When you reach a picture, skip it, and retype every line below exactly.

Given information:
%%

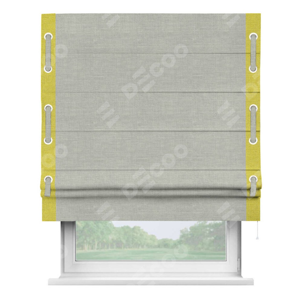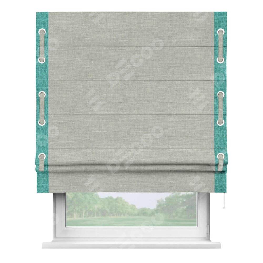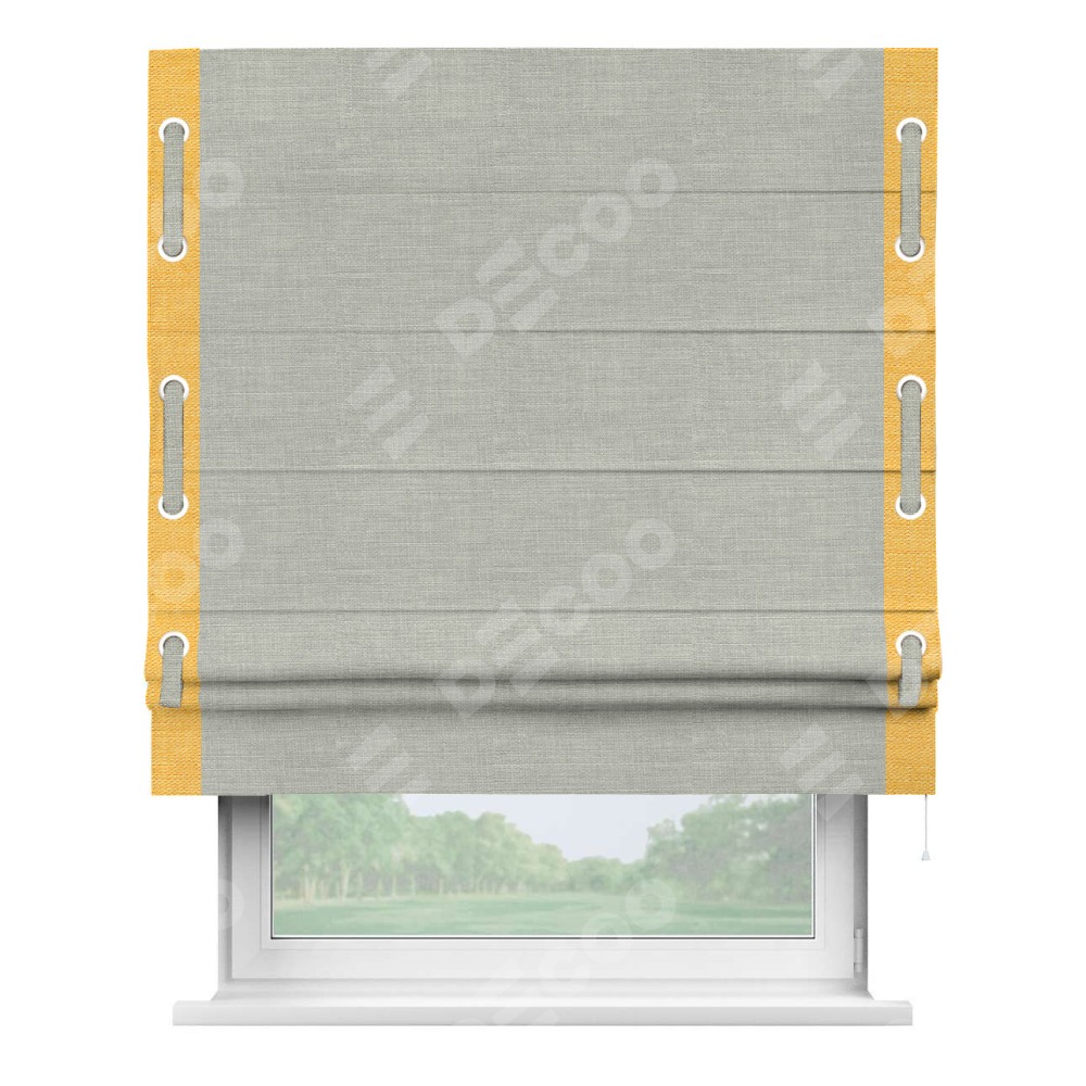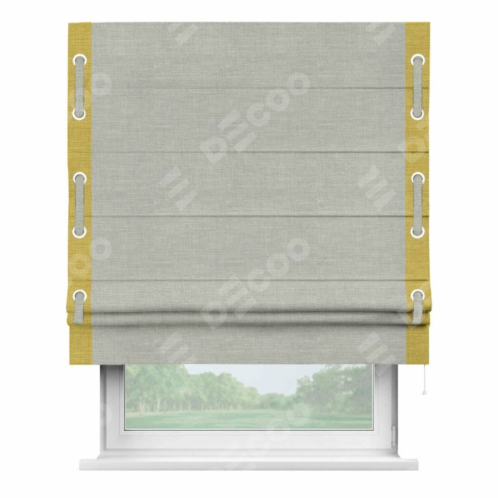 Римская штора «Кортин» с кантом Стрим Дуо (люверсы с пояском), для проема, ткань лён серый
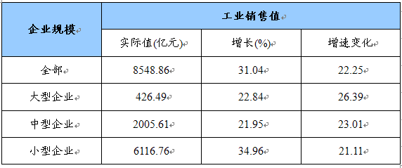 塑料制品 行业 内小型企业销售状况较好,工业销售值的增长速度超过大、中型企业。1-8月,小型企业实现工业销售值达到6116.76亿元,同比增长35%。由于数量众多,小型企业工业销售值的绝对量远远超过大中型企业,占塑料制品 行业 总额的71.6%。
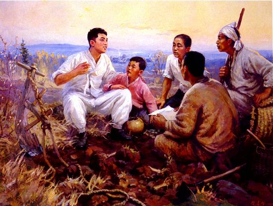 農村の革命化のため、農民の中に入って政治活動をおこなう金日成主席

%%

Final answer:
 Римская штора «Кортин» с кантом Стрим Дуо (люверсы с пояском), для проема, ткань лён серый
 塑料制品 行业 内小型企业销售状况较好,工业销售值的增长速度超过大、中型企业。1-8月,小型企业实现工业销售值达到6116.76亿元,同比增长35%。由于数量众多,小型企业工业销售值的绝对量远远超过大中型企业,占塑料制品 行业 总额的71.6%。
 農村の革命化のため、農民の中に入って政治活動をおこなう金日成主席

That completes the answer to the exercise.